Exact repetition of a range: find the line containing "ເຊື່ອວ່າຫຼາຍຄົນຮູ້ຈັກໃບເຕີຍ ມີເອກະລັກສະເພາະ ແລະ" and the line containing "打开教育厅主页： http://11a.jxedu.gov.cn/ ；" in the material below, then repeat both and all lines between them, leaving pictures out.

Task input:

◇ ◇ ◇ ◇ ◇

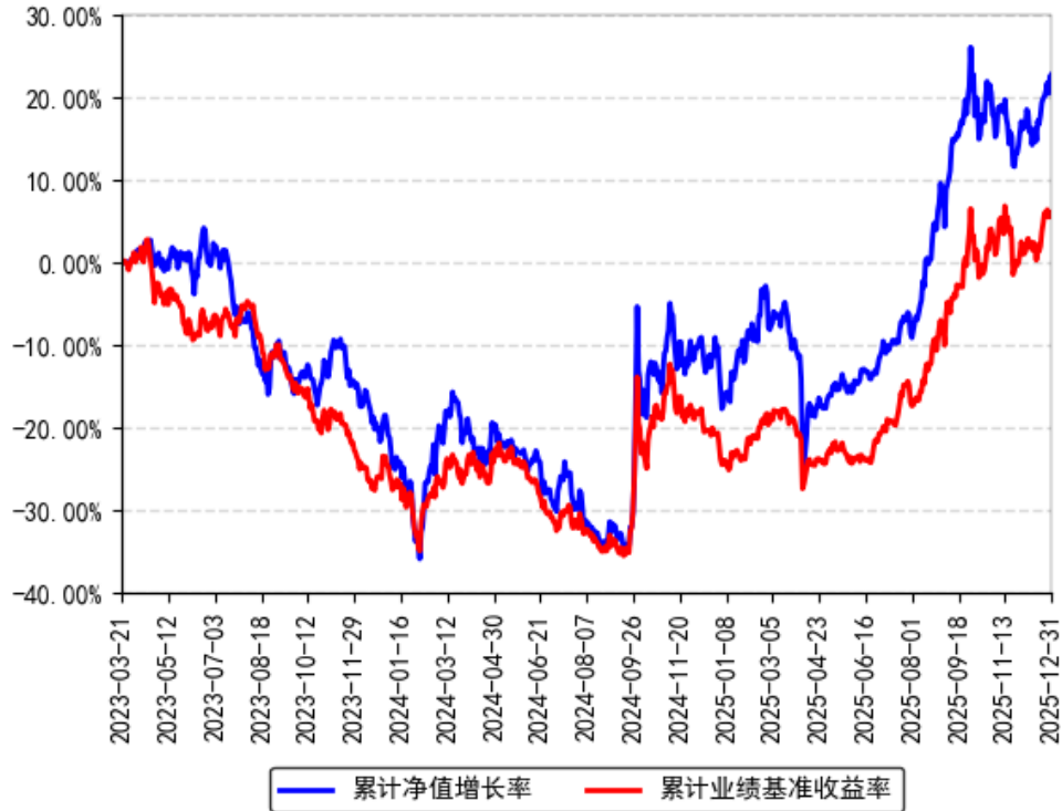
南方新材料股票发起A累计净值增长率与同期业绩比较基准收益率的历史走势对比图
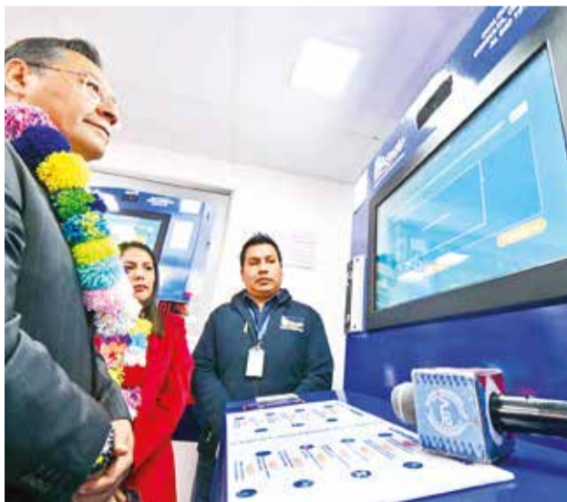
El presidente Luis Arce, en la apertura de la estación.

En tanto, el presidente Arce remarcó durante la
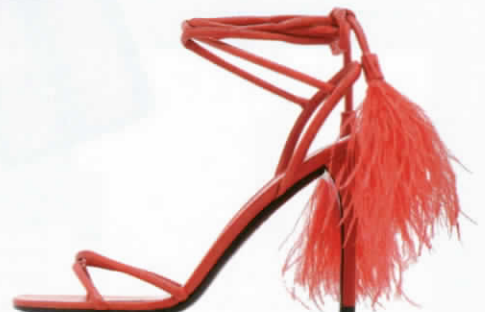
รองเท้าส้นสูงหนังผูกข้อตกแต่งขนนก จาก VALENTINO
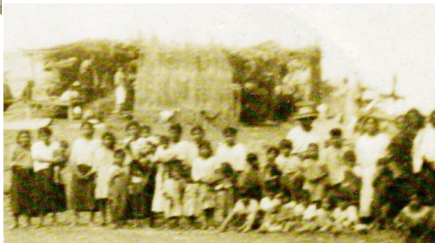
ARRIBA: Espectadores ascopanos ubicados fuera del ruedo.
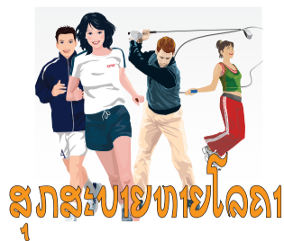
ສຸກສະບຍໂຫຍໂລດ

ເຊື່ອວ່າຫຼາຍຄົນຮູ້ຈັກໃບເຕີຍ ມີເອກະລັກສະເພາະ ແລະ ເປັນພືດທີ່ພົບເຫັນຫຼາຍຢູ່ຕາມບ້ານເຮືອງ ແລະ ຍັງເປັນພືດທີ່ປຸກງ່າຍນຳອີກ. ໃບເຕີຍ ບໍ່ພຽງແຕ່ສາມາດນຳມາປະກອບປຸງແຕ່ງອາຫານໄດ້ແຕ່ຫາກຍັງເປັນສະໜູນໄພນຳອີກ ເຊິ່ງຄຸນປະໂຫຍດຂອງໃບເຕີຍນັ້ນປະກອບດ້ວຍ 7 ຢ່າງລຸ່ມນີ້:
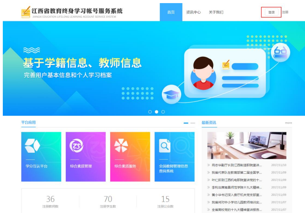
图1-1 终身学习账号服务系统界面

打开教育厅主页： http://11a.jxedu.gov.cn/ ； 进入“江西省教育终身学习账号服务系统”，如图 1-2。
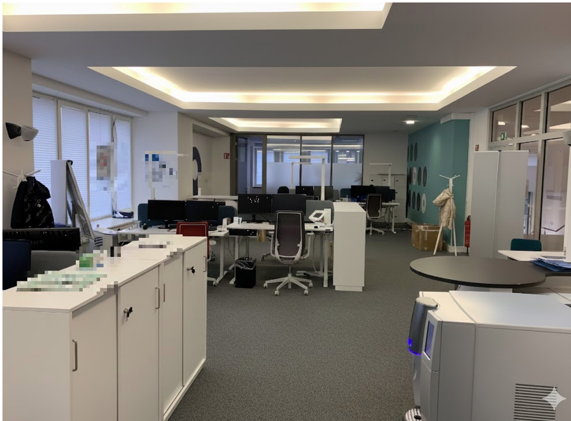
weiter, großzügiger open space
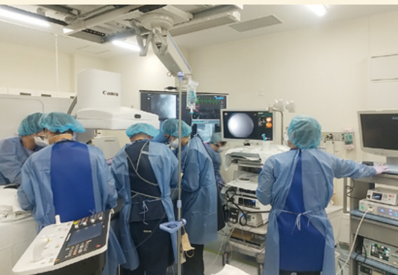
X線透視室での処置の様子
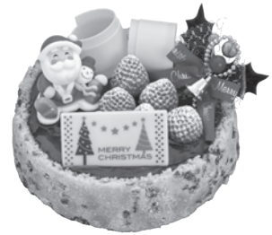
C.ベリーのレアチーズ [15cm] 3,333円 税込3,600円
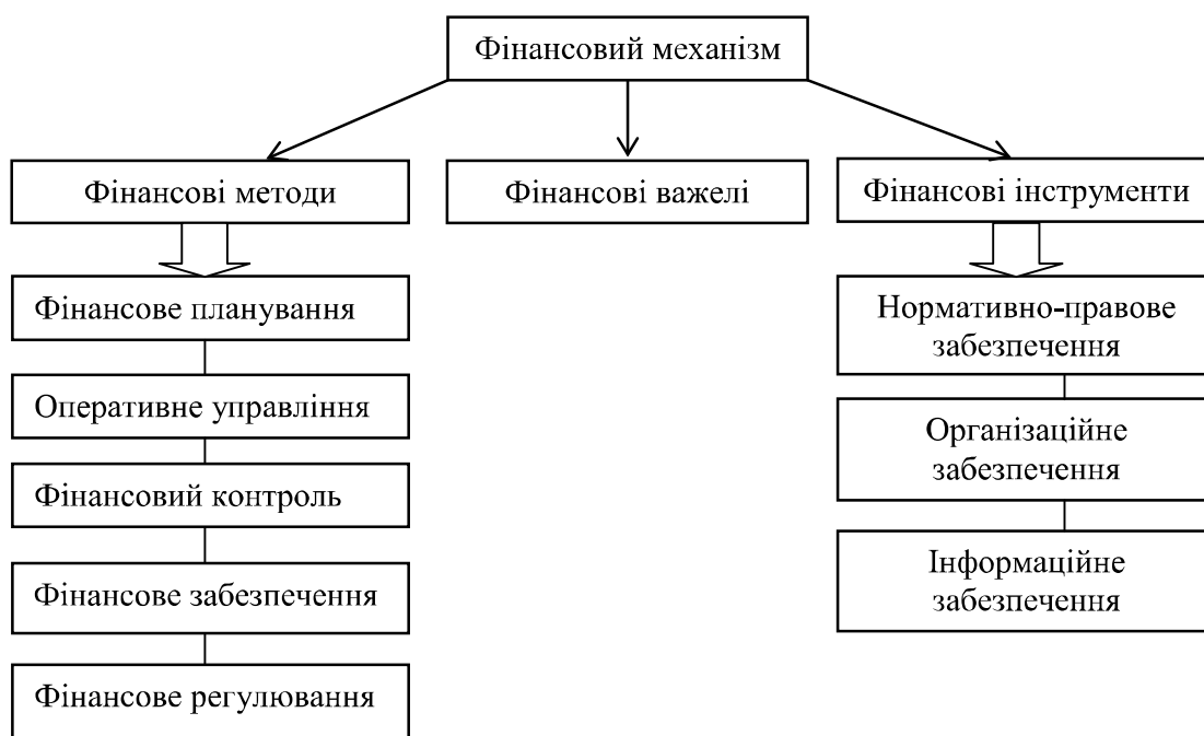
Рис. 1. Структура фінансового механізму [2]

Сприяти цьому повинна обґрунтована політика держави, зокрема за допомогою фінансово-економічних інструментів, оскільки їх використання спроможне знизити тиск на діяльність підприємств у пріоритетних галузях економіки і забезпечити їх інноваційний розвиток. Необхідно підтримувати ефективність функціонування фінансового механізму, що залежить від комплексного удосконалення його структурних елементів, серед яких вагома роль належить фінансовому регулюванню (рис. 1).

◇ ◇ ◇ ◇ ◇

Response:
ເຊື່ອວ່າຫຼາຍຄົນຮູ້ຈັກໃບເຕີຍ ມີເອກະລັກສະເພາະ ແລະ ເປັນພືດທີ່ພົບເຫັນຫຼາຍຢູ່ຕາມບ້ານເຮືອງ ແລະ ຍັງເປັນພືດທີ່ປຸກງ່າຍນຳອີກ. ໃບເຕີຍ ບໍ່ພຽງແຕ່ສາມາດນຳມາປະກອບປຸງແຕ່ງອາຫານໄດ້ແຕ່ຫາກຍັງເປັນສະໜູນໄພນຳອີກ ເຊິ່ງຄຸນປະໂຫຍດຂອງໃບເຕີຍນັ້ນປະກອບດ້ວຍ 7 ຢ່າງລຸ່ມນີ້:
图1-1 终身学习账号服务系统界面

打开教育厅主页： http://11a.jxedu.gov.cn/ ； 进入“江西省教育终身学习账号服务系统”，如图 1-2。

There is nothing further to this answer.